**What the task requires**
From the listing below, copy only the lines from the line that contains "Başarıyı İzleme ve" to the line that contains "تم التوصيل بالسيارة", counting those two lines as part of the copy.

**Provided information**
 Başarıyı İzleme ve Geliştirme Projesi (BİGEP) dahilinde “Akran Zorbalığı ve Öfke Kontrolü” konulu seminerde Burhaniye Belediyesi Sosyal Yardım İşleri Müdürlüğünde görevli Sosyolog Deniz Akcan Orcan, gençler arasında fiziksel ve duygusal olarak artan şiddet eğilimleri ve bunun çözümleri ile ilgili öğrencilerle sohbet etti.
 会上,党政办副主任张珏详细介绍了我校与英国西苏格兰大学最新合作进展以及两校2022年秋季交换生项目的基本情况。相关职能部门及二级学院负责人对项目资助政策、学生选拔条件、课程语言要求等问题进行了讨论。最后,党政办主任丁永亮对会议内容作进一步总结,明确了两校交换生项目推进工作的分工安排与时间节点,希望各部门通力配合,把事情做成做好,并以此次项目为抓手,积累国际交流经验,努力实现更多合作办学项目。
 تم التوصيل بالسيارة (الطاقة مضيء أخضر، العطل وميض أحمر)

---

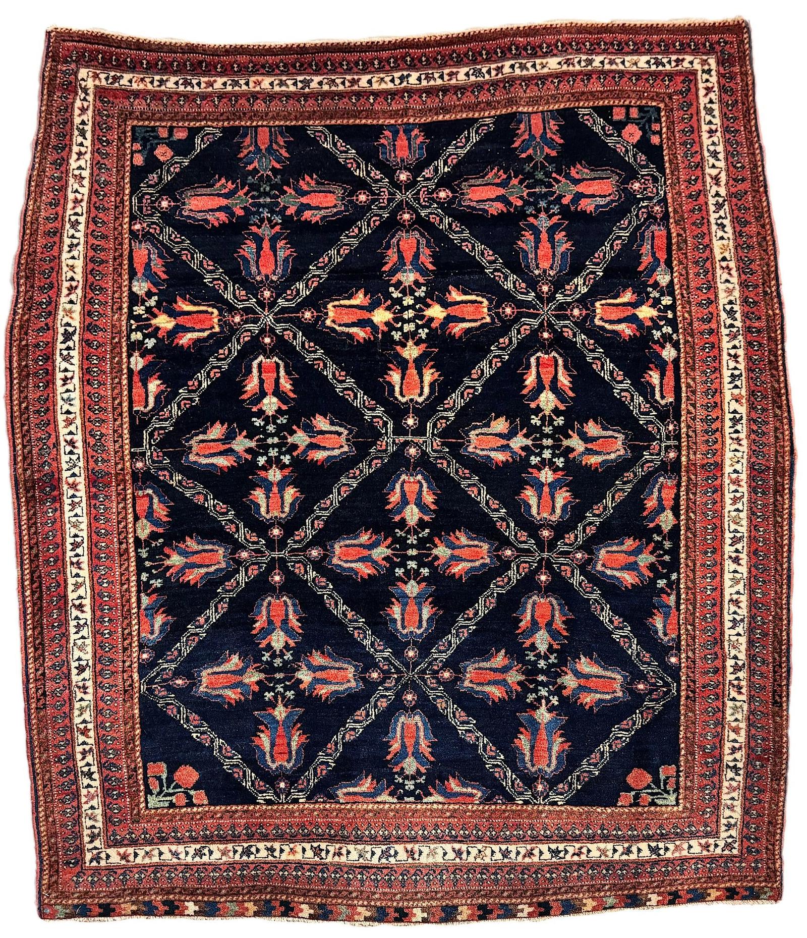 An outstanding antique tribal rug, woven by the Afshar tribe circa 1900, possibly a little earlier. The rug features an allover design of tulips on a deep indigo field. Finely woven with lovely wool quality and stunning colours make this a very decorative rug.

==

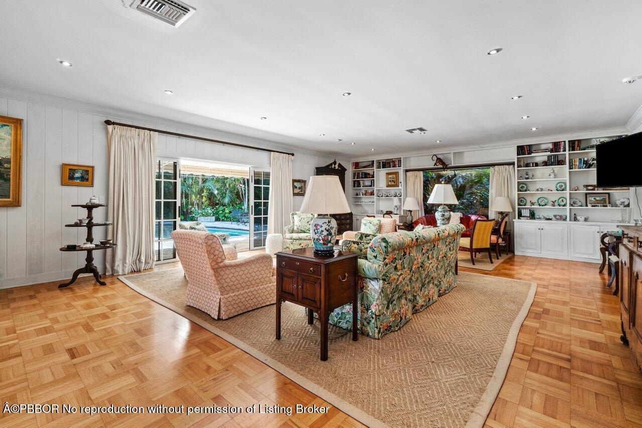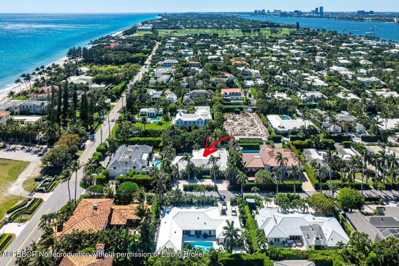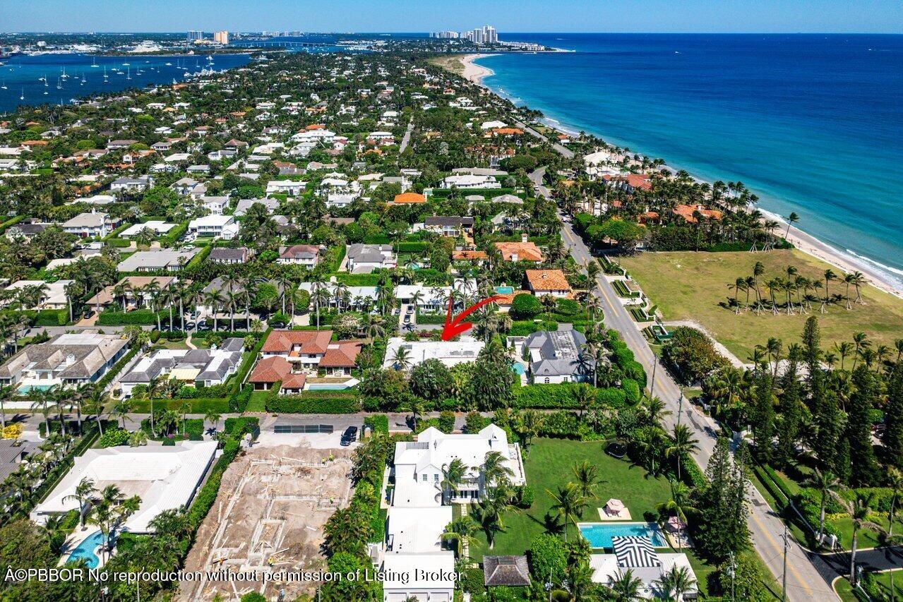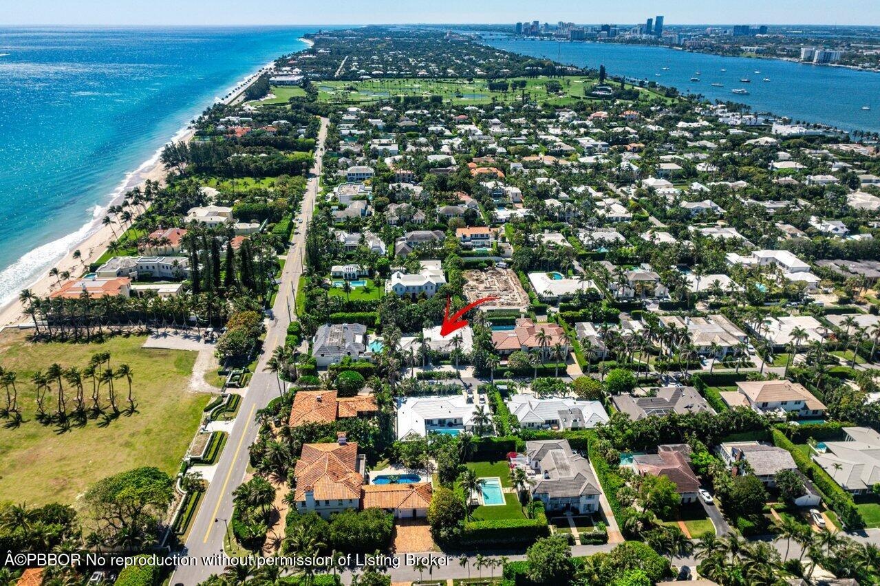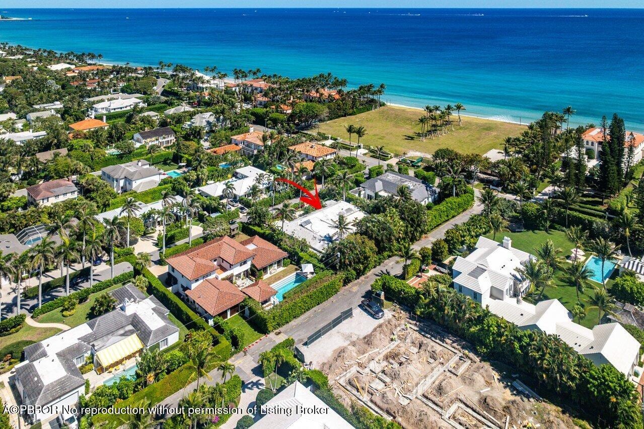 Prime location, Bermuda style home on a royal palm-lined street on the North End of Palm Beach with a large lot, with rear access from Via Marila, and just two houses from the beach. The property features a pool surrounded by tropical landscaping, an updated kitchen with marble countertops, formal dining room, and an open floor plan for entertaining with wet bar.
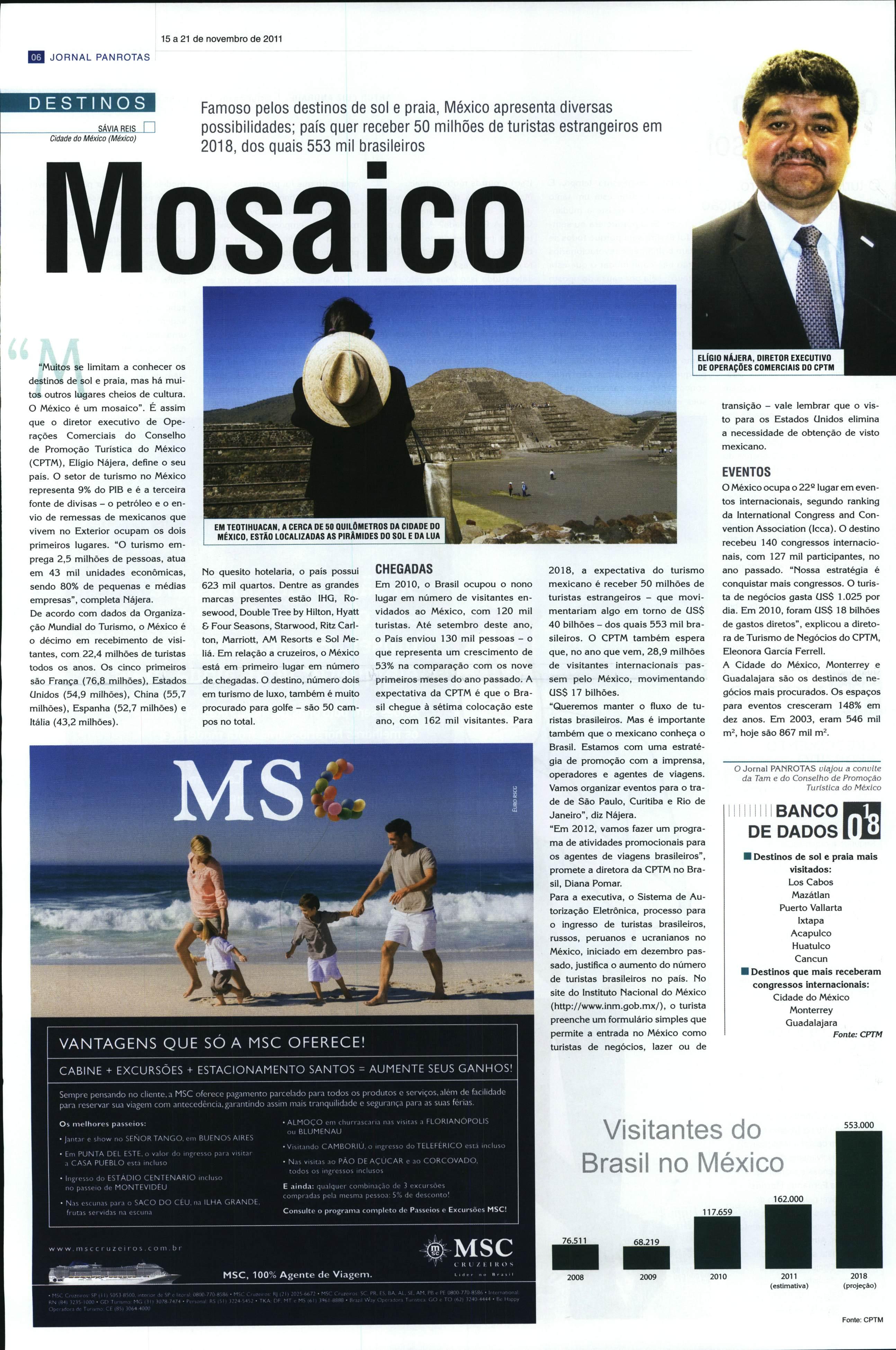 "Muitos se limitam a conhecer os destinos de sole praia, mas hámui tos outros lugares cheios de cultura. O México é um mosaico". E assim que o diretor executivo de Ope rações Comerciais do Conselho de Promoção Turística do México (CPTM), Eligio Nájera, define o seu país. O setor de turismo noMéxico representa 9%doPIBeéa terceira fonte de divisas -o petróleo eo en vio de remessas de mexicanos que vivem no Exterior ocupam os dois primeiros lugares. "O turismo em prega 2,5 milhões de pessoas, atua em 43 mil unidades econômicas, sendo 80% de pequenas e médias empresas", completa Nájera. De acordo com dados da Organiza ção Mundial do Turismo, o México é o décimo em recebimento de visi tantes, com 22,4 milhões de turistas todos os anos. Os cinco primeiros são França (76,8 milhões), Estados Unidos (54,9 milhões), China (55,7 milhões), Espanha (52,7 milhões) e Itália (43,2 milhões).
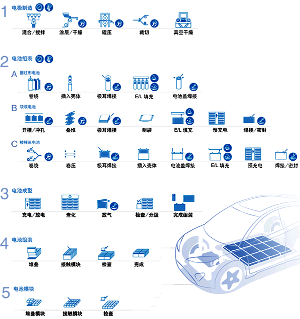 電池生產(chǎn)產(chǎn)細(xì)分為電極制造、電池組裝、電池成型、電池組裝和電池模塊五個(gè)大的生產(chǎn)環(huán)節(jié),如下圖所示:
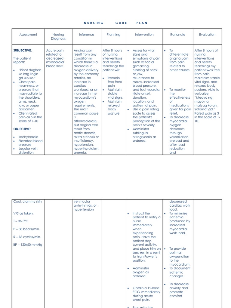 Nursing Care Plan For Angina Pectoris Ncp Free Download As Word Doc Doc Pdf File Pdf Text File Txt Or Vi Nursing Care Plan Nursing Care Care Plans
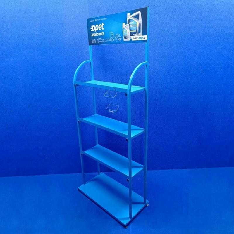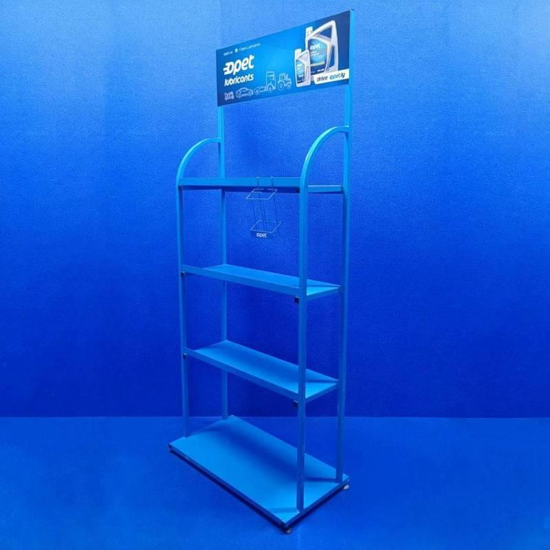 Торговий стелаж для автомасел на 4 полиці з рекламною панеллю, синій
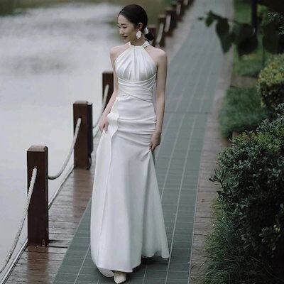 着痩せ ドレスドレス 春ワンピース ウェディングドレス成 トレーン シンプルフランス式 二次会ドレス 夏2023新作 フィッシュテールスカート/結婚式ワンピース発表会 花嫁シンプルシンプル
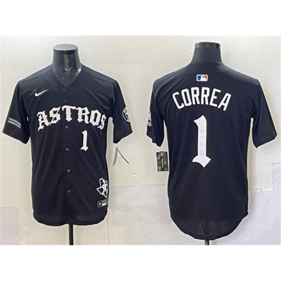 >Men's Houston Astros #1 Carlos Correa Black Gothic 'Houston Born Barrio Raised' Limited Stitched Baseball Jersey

**Written answer**
 Başarıyı İzleme ve Geliştirme Projesi (BİGEP) dahilinde “Akran Zorbalığı ve Öfke Kontrolü” konulu seminerde Burhaniye Belediyesi Sosyal Yardım İşleri Müdürlüğünde görevli Sosyolog Deniz Akcan Orcan, gençler arasında fiziksel ve duygusal olarak artan şiddet eğilimleri ve bunun çözümleri ile ilgili öğrencilerle sohbet etti.
 会上,党政办副主任张珏详细介绍了我校与英国西苏格兰大学最新合作进展以及两校2022年秋季交换生项目的基本情况。相关职能部门及二级学院负责人对项目资助政策、学生选拔条件、课程语言要求等问题进行了讨论。最后,党政办主任丁永亮对会议内容作进一步总结,明确了两校交换生项目推进工作的分工安排与时间节点,希望各部门通力配合,把事情做成做好,并以此次项目为抓手,积累国际交流经验,努力实现更多合作办学项目。
 تم التوصيل بالسيارة (الطاقة مضيء أخضر، العطل وميض أحمر)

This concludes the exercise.